Hal Stanley had previously told CP that after his children were removed from the home, they were placed into the public school system for the first time ever, and their foster situation made it hard for the Stanley parents to pray with their children as much as they desired. Since Stanley is a Southern Baptist minister and runs his own home church, the family usually worships twice per day.

"It will be a whole lot better when they are home," Hal Stanley told CP on Wednesday. "We will pray and worship all day long if we want to."

The Stanley family is reunited for a brief visitation on Friday, Jan. 23, 2015 after their seven children were taken from the parents' custody after a police search found the miracle substance MMS in the home.
The Stanley family is reunited for a brief visitation on Friday, Jan. 23, 2015 after their seven children were taken from the parents' custody after a police search found the miracle substance MMS in the home. | (Photo: Facebook / Bring the Stanley kids home)

Although it has not been announced publicly why the children were removed and still remain in state custody after two months, an affidavit written by deputy Wright, which was somehow obtained by Arkansas political commentator Wilson Kanaday, states a few causes for concern that Wright had in making his decision to remove the children.

Among Wright's concerns were the effects that Hal's MMS might have on the children's health. Secondly, the officer was concerned with the children's lack of interaction with "commonly accepted" healthcare providers.

Although the children might not have ever seen a doctor in their lives, Kanaday asserts that there is no law regulating how frequently children need to see a doctor. Additionally, he mentioned a local media interview featuring the Stanley's 19-year-old son, Christopher, who claims that the children were adequately cared for through their parents own treatments.

The affidavit also lists "physical abuse" and alleges that Hal spanked his kids with a thick paddle and at one point it broke on one of them.

"Corporal punishment using a paddle to punish children is a legal form of discipline in the state of Arkansas," Kanaday stated earlier in the segment. "When you raise your children in a home, there are people [who] believe that children shouldn't be spanked, and that is a perfectly valid way to raise their children. But, there is a bunch of people who believe that spanking the children is incredibly appropriate. But this points to physical abuse. But when the mobile medical assessment [unit] looked at the children, they were found healthy and they showed no signs of abuse."

Another allegation made in the affidavit states that Stanley struck one of his kids in the face made his or her nose and mouth bleed.

"An appropriate investigation would discover the truth of this allegation," Kanaday said. "There is a bunch of kids in that house and I am sure if the father had struck them at that point, these children would be able to remember this. It would be a pretty significant moment in the family's story. A good investigation would be able to tell if this allegation is fabricated or embellished."

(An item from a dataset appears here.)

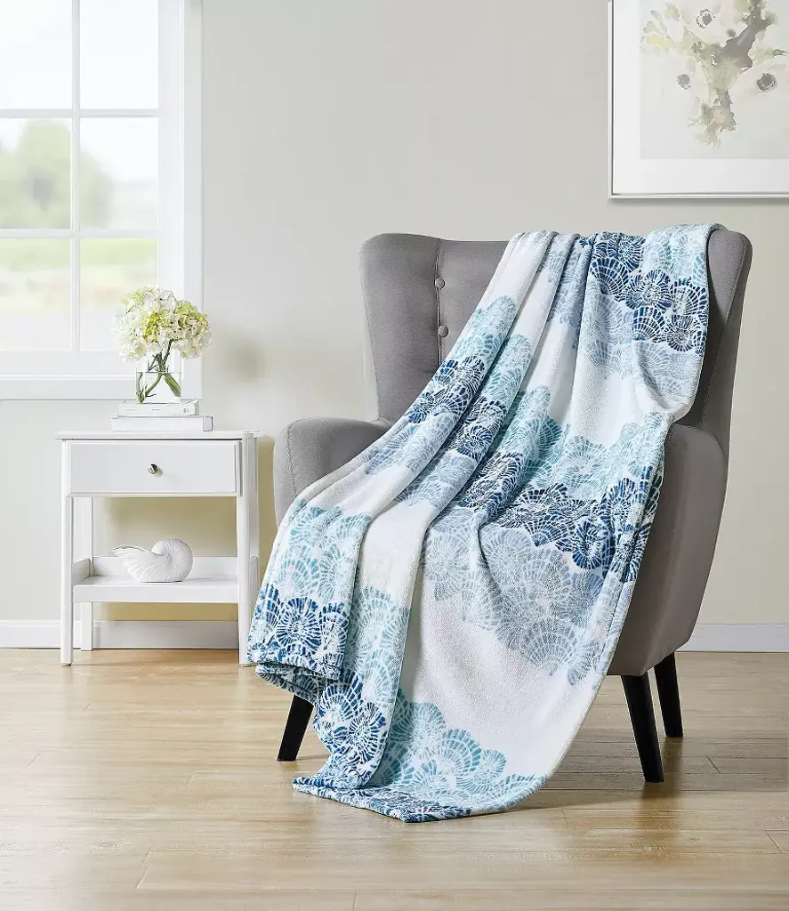 Kate Aurora Coastal Living Blue Ombre Seashells Ultra Plush Accent Throw Blanket - 50 in. W x 70 in.

A key part of the affidavit that Kanaday claims was "bogus" for Wright to have included mentions the fact that the kids were homeschooled — although the family never registered their home as a homeschool — but did not have an "accredited homeschool curriculum."

"There is no such thing as an accredited homeschool curriculum," Kanday asserts. "So, this accusation is completely bogus and should have never made it onto paper and then signed by anyone, because it is completely fabricated and shows total ignorance at the issue at hand."